Album Review: William Basinski – Vivian & Ondine

[2062; 2010]

Vivian & Ondine can be mistaken for nothing but a viciously dank look into the deepest and darkest majesty of the buried winter season. Basinski’s winter is a far cry from the likes of say, Pantha du Prince’s, whose mystical, sparkling ice sculptures have only ever danced on the safe and sunny edge of winter, inspiring childlike wonder and curiosity. Vivian & Ondine treads a very different path, into the utterly bleak, slow and heavy beating heart of winter’s depths.

That is of course the aim; the composition tremors with awe and foreboding, at the heart of which is a powerful sense of long forgotten grandeur. Whatever past this scenery may once have known has long since been ravaged by the raw cold; it now lies barren and frozen, barely able to breathe under the weight of its own brutally saturated atmosphere. The ever tugging but ultimately unchanging echoes of ambience achieve a cavernous, devastatingly somber tension that has been expertly realized by Basinski, who further solidifies his rightful place as a cornerstone artist in his field.

Newcomers to ambient will absolutely not want to test the waters here (for you I recommend Eluvium or Helios, who are downright poppy in comparison to this). Anyone used to hearing melody in their music will have difficulty putting up with hearing the same unfaltering three note sequence for 45 minutes straight, and indeed it’s likely to make even more weathered fans of the genre a bit restless.
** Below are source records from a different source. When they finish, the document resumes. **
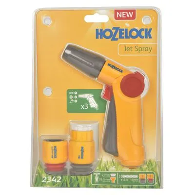 Dit complete Jet Spray spuitpistool met startset van Hozelock voorziet je van essentieel gereedschap voor het besproeien en schoonmaken van je tuin.
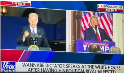 "Dictatorul în devenire vorbeşte la Casa Albă după ce a arestat un rival politic”, a scris pe ecran Fox News, cu puţin înainte de ora 21.00 marţi seara (01.00 GMT miercuri), difuzând imagini cu Joe Biden, care vorbea de la preşedinţie, şi cu Donald Trump în faţa susţinătorilor săi, de pe unul dintre terenurile sale de golf din New Jersey.
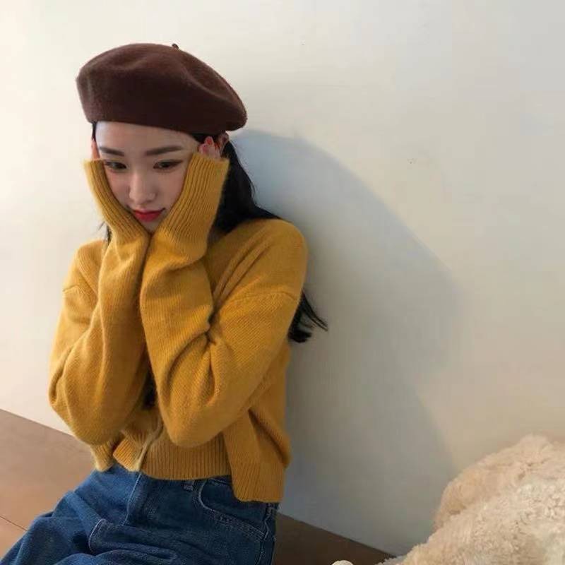 COD Girl Classic Solid Color Winter French Style Beret hat

The album is not complete repetition; new textures are slowly and steadily (emphasis on slowly) phased in and out, but even these changes will require an attentive ear to pick up on. Basinski has certainly never shied away from repetition, but he is likely to push some listeners to their limits with Vivian & Ondine. Basinski’s offering from last year, the 60 minute, four track album, 92982, feels like a breath of fresh air in comparison.
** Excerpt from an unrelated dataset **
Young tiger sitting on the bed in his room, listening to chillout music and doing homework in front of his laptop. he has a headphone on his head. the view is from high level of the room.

Although this album does an admirable job of creating mood and suggesting imagery of ancient depth and the empty aftermath of icy devastation, it does so with completeness long before it reaches its end. There will undoubtedly be a few don’t even think to consider the run time and simply bask in the unmistakeable feeling this composition provokes, but for too many it will long overstay its welcome, which is a shame considering how potent this might have been were there a few more ideas to balance it out.